Stand:

Trockenheitstolerante Stauden: Die Rolle der Mykorrhiza-Symbiose für gesunde Pflanzen


Die Herausforderung trockener Böden und die Lösung durch Mykorrhiza


Trockenheit wird für viele Gärtner zur zunehmenden Belastung. Doch die Natur hat eine geniale Strategie entwickelt, um Pflanzen widerstandsfähiger zu machen: die Mykorrhiza-Symbiose. Diese Partnerschaft zwischen Pilzen und Pflanzenwurzeln ermöglicht es trockenheitsresistenten Stauden, selbst unter extremen Bedingungen zu gedeihen. Warum diese Verbindung gerade in sandigen oder ausgetrockneten Böden so wertvoll ist, erfahren Sie in diesem Artikel.

Trockenheitstolerante Stauden: Die Rolle der Mykorrhiza-Symbiose für gesunde Pflanzen
© abuzayd s/pexels.com


Was ist Mykorrhiza? Eine grundlegende Erklärung der Symbiose


Bei Mykorrhiza handelt es sich um eine mutualistische Beziehung zwischen Pilzen und Pflanzen. Die Pilze umhüllen oder durchdringen die Wurzeln und bilden ein weit verzweigtes Netzwerk, das weit über den eigentlichen Wurzelbereich hinausreicht. Im Austausch für Kohlenhydrate aus der Pflanze versorgen die Pilze ihre Partner mit Wasser und Nährstoffen. Besonders in trockenen Regionen ist diese Zusammenarbeit überlebenswichtig.


Die Bedeutung von Mykorrhiza-Pilzen für trockenheitsresistente Stauden


Stauden wie der Sonnenhut (Echinacea) oder der Salbei (Salvia officinalis) haben sich an trockene Standorte angepasst. Doch selbst sie profitieren enorm von Mykorrhiza-Partnerschaften. Die Pilze vergrößern die effektive Wurzeloberfläche und erschließen Wasser aus tieferen Bodenschichten. Ohne diese Symbiose wären viele trockenheitsresistente Stauden deutlich anfälliger für Dürreperioden.


Wie Mykorrhiza die Wasseraufnahme verbessert


Das Pilzgeflecht (Hyphennetz) wirkt wie ein natürlicher Wasserspeicher. Während Pflanzenwurzeln nur begrenzt Feuchtigkeit aufnehmen können, erreichen die Hyphen auch feinste Bodenporen. Studien zeigen, dass mykorrhizierte Pflanzen bis zu 50 % mehr Wasser nutzbar machen können. Besonders bei xerophilen Stauden wie der Fetthenne (Sedum) ist dieser Mechanismus entscheidend.

Fetthenne
© manfredrichter/pixabay.com


Nährstoffversorgung in trockenen Böden: Mykorrhiza als Schlüsselpartner


Nicht nur Wasser, auch Phosphor und Stickstoff werden durch die Pilze effizienter transportiert. In trockenen Böden sind diese Nährstoffe oft gebunden und für Pflanzen schwer zugänglich. Die Mykorrhiza-Pilze setzen Enzyme frei, die Mineralien aufschließen. So erhalten Stauden wie der Lavendel (Lavandula) selbst in mageren Böden ausreichend Nahrung.

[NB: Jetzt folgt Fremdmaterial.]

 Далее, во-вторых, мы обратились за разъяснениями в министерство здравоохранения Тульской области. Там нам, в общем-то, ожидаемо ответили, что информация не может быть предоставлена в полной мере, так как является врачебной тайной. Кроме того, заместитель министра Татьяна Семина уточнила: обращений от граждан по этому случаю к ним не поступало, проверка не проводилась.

Konkrete Beispiele: Stauden, die von Mykorrhiza-Partnerschaften profitieren


  • Steppenkerze (Eremurus): Tiefwurzler, die von der verbesserten Wassererschließung profitiert.
  • Wollziest (Stachys byzantina): Silberblättrige Staude, die in Symbiose mit Pilzen Trockenphasen besser übersteht.
  • Bergenie (Bergenia): Robuste Staude, deren Nährstoffaufnahme durch Mykorrhiza optimiert wird.


Praktische Tipps: Mykorrhiza im Garten fördern


  • Verzichten Sie auf chemische Fungizide, die Pilze abtöten.
  • Verwenden Sie organischen Mulch, um das Bodenleben zu aktivieren.
  • Setzen Sie auf mykorrhizierte Jungpflanzen oder impfen Sie das Substrat mit Pilzsporen.


Warum diese Symbiose für nachhaltiges Gärtnern unverzichtbar ist


Die Mykorrhiza-Symbiose ist ein faszinierendes Beispiel für die Anpassungsfähigkeit der Natur. Wer trockenheitsresistente Stauden erfolgreich kultivieren möchte, sollte diese Partnerschaft gezielt fördern. Denn in Zeiten des Klimawandels sind solche Strategien nicht nur clever, sondern notwendig.